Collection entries
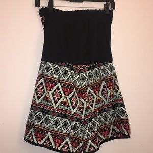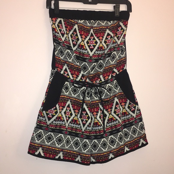 Super cute strapless patterned romper with POCKETS!! Waist has an adjustable string which can be tied.
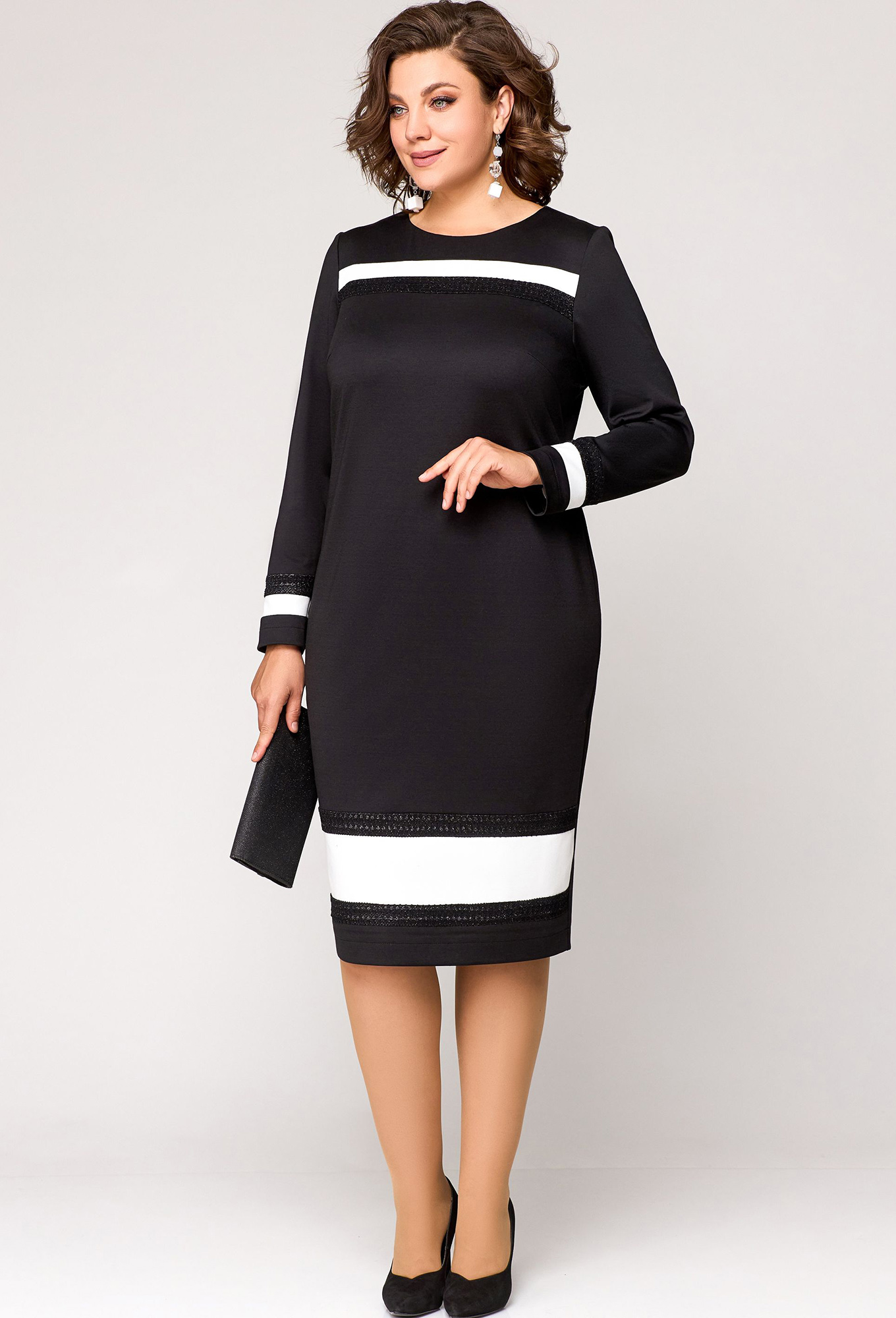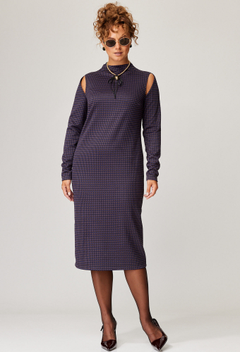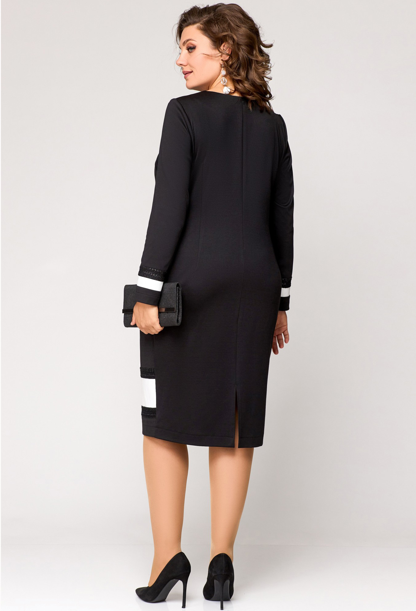 Платье женское повседневное прилегающего силуэта, выполнено из трикотажного полотна в сочетании с отделкой. Вырез горловины круглый на обтачке, рукав втачной. По спинке центральный шов и потайная застежка-молния. В шве обработан небольшой разрез. Декором служат вставки из отделочного трикотажа по переду платья и по низу рукавов.
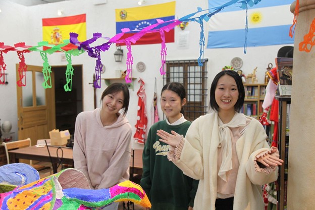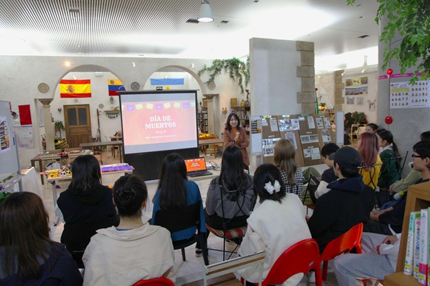 MULCのスペイン語エリアで行われた講義では、現地の言葉だけでなく、メキシコの伝統的な切り絵細工「パペル・ピカド」を飾り、祭壇に色鮮やかな花や故人の写真を供えるなど、文化の奥深さを体験しました。
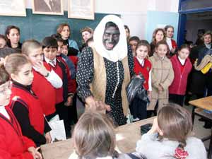 Adaklı Köyü’ne eşek üstünde İbiş karakteriyle giren Murat Doğan’ı karşılarında gören köylü çocuklar çok şaşırdı. İbiş, çocukları esprileriyle güldürürken, kardeş okul öğrencilerinin harçlıklarını biriktirerek aldıkları hediyeleri öğrencilere dağıttı. Tiyatrocu Murat Doğan, daha sonra öğrencilerin karşısına Arap Bacı karakteriyle çıktı. Öğrenciler, okulun koridorunda karşılarında Arap Bacı’yı görünce korktu. Daha sonra şaşkınlıklarını üzerinden atan öğrenciler, İbiş gibi Arap Bacı’yı da sevdi. Arap Bacı, bir sınıfa Kolej Vakıfı öğrencileriyle birlikte girerek, hem ortaoyunundan örnekler sundu hem de öğrenci arkadaşlarının aldığı hediyeleri dağıttı.
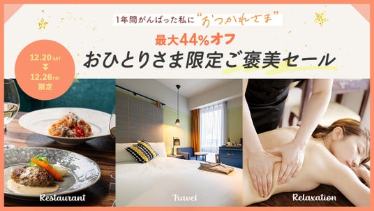 <12/20~26限定>最大44%オフ!「おひとりさまご褒美セール」おすすめプラン5選 ※リンク先はすべて12/20にオープン

#### PROBLEM REQUIREMENTS:
With the pictures removed, the entries above should be transcribed exactly.

#### RESULT OF THE EXERCISE:
 Super cute strapless patterned romper with POCKETS!! Waist has an adjustable string which can be tied.
 Платье женское повседневное прилегающего силуэта, выполнено из трикотажного полотна в сочетании с отделкой. Вырез горловины круглый на обтачке, рукав втачной. По спинке центральный шов и потайная застежка-молния. В шве обработан небольшой разрез. Декором служат вставки из отделочного трикотажа по переду платья и по низу рукавов.
 MULCのスペイン語エリアで行われた講義では、現地の言葉だけでなく、メキシコの伝統的な切り絵細工「パペル・ピカド」を飾り、祭壇に色鮮やかな花や故人の写真を供えるなど、文化の奥深さを体験しました。
 Adaklı Köyü’ne eşek üstünde İbiş karakteriyle giren Murat Doğan’ı karşılarında gören köylü çocuklar çok şaşırdı. İbiş, çocukları esprileriyle güldürürken, kardeş okul öğrencilerinin harçlıklarını biriktirerek aldıkları hediyeleri öğrencilere dağıttı. Tiyatrocu Murat Doğan, daha sonra öğrencilerin karşısına Arap Bacı karakteriyle çıktı. Öğrenciler, okulun koridorunda karşılarında Arap Bacı’yı görünce korktu. Daha sonra şaşkınlıklarını üzerinden atan öğrenciler, İbiş gibi Arap Bacı’yı da sevdi. Arap Bacı, bir sınıfa Kolej Vakıfı öğrencileriyle birlikte girerek, hem ortaoyunundan örnekler sundu hem de öğrenci arkadaşlarının aldığı hediyeleri dağıttı.
 <12/20~26限定>最大44%オフ!「おひとりさまご褒美セール」おすすめプラン5選 ※リンク先はすべて12/20にオープン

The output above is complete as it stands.